# Task to complete
Excluding pictures, give the entries again exactly as they appear.

# Exercise material
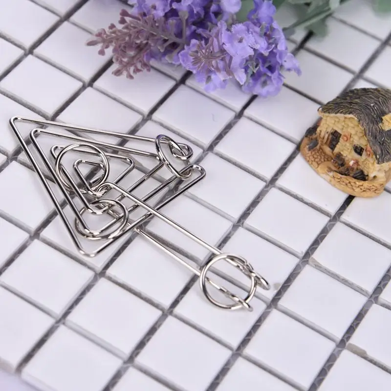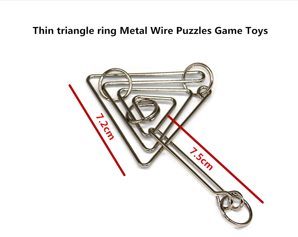 Название: тонкие треугольные кольца из металлической проволоки Пазлы игровые Игрушки Тип товара: Волшебные кубики Материал: Нержавеющая сталь Цвет: серебро Размер: длина треугольника: 7,2 см; длина ручки: 7,5 см Вес: около 20 г Подходящий возраст: 6 +
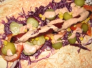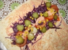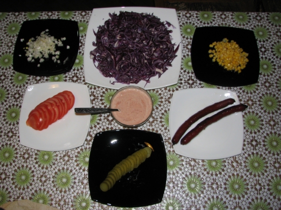 Купили вірменських лавашів, фіолетової капусти, помідорів, мисливських ковбасок, кукурудзи та пішли готувати "швидку" смакоту.
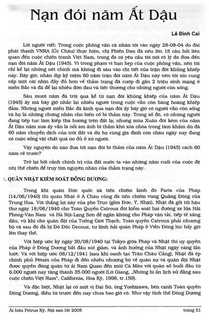 Nạn đói năm Ất Dậu – Lê Đình Cai (Nguồn: Nội san Hè 2005, Hội Ái hữu Trung học Petrus Trương Vĩnh Ký tại Pháp) Share this: Click to share on X (Opens in new window) X Click to share on Facebook (Opens in new window) Facebook Like Loading...
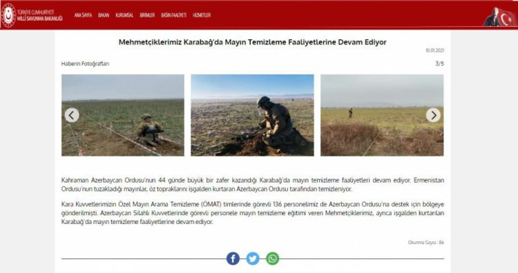 Türkiyənin Milli Müdafiə Nazirliyi: Hərbçilərimiz Qarabağda ərazilərin minalardan təmizlənməsində iştirak edir
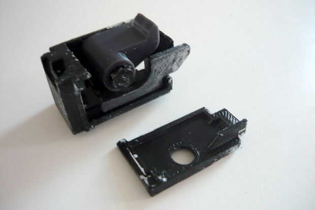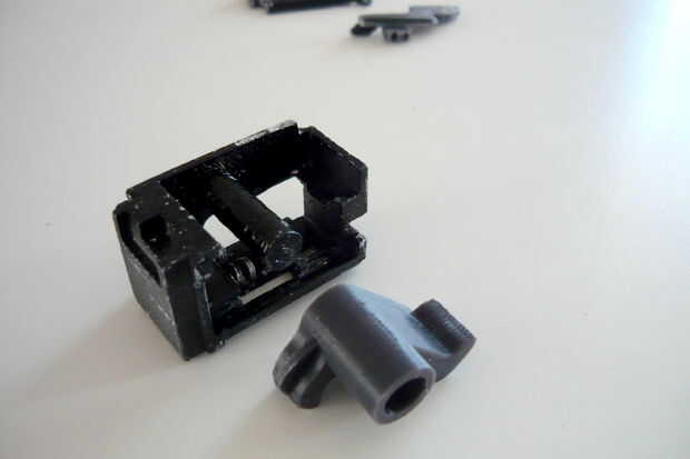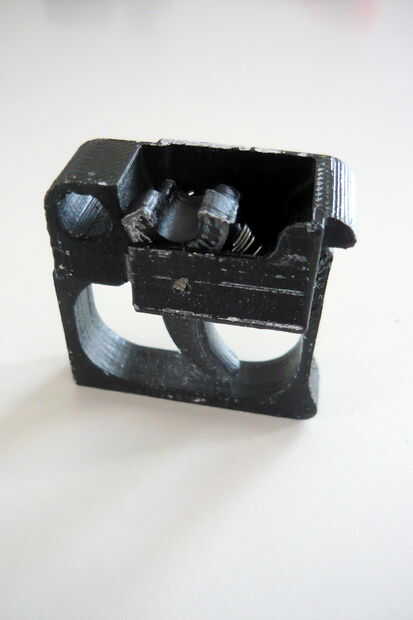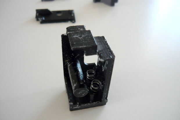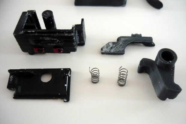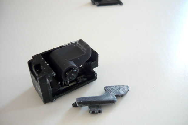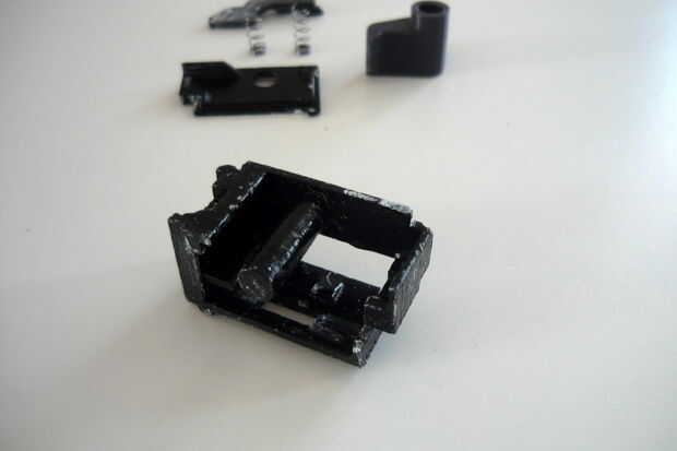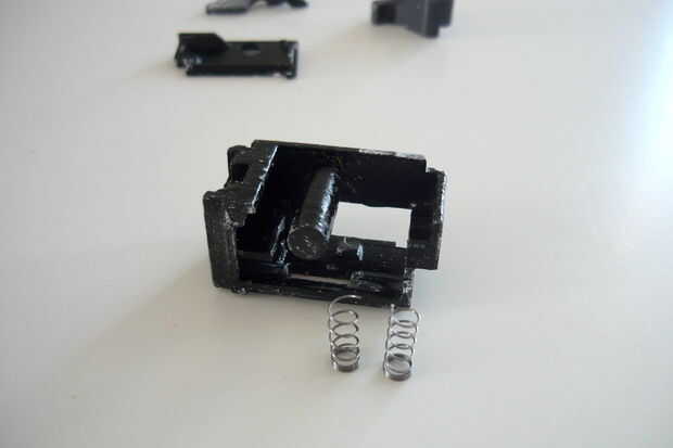 La caja de disparo está dividida en dos partes, uno sostiene el sear, el otro tiene el gatillo. Un enlace se inserta en el receptor luego que conectará los dos.
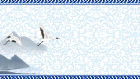 蓝色中国风飞鹤山水PPT背景
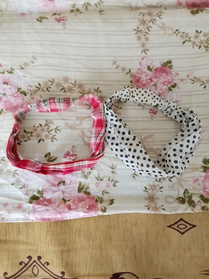 Beyaz olan biraz sarılaşmış.Elastik pamuklu saç bantları, vintage esintili pembe ekose ve siyah puantiyeli desenlere sahip. Bohem tarz için uygun.
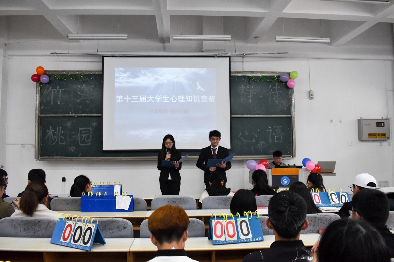 4月13日,由澳门网投团委主办、学院学生会承办的“竹海桃园,静待心语”心理知识竞赛在J15-136教室如期开展。

# Solution to the problem
 Название: тонкие треугольные кольца из металлической проволоки Пазлы игровые Игрушки Тип товара: Волшебные кубики Материал: Нержавеющая сталь Цвет: серебро Размер: длина треугольника: 7,2 см; длина ручки: 7,5 см Вес: около 20 г Подходящий возраст: 6 +
 Купили вірменських лавашів, фіолетової капусти, помідорів, мисливських ковбасок, кукурудзи та пішли готувати "швидку" смакоту.
 Nạn đói năm Ất Dậu – Lê Đình Cai (Nguồn: Nội san Hè 2005, Hội Ái hữu Trung học Petrus Trương Vĩnh Ký tại Pháp) Share this: Click to share on X (Opens in new window) X Click to share on Facebook (Opens in new window) Facebook Like Loading...
 Türkiyənin Milli Müdafiə Nazirliyi: Hərbçilərimiz Qarabağda ərazilərin minalardan təmizlənməsində iştirak edir
 La caja de disparo está dividida en dos partes, uno sostiene el sear, el otro tiene el gatillo. Un enlace se inserta en el receptor luego que conectará los dos.
 蓝色中国风飞鹤山水PPT背景
 Beyaz olan biraz sarılaşmış.Elastik pamuklu saç bantları, vintage esintili pembe ekose ve siyah puantiyeli desenlere sahip. Bohem tarz için uygun.
 4月13日,由澳门网投团委主办、学院学生会承办的“竹海桃园,静待心语”心理知识竞赛在J15-136教室如期开展。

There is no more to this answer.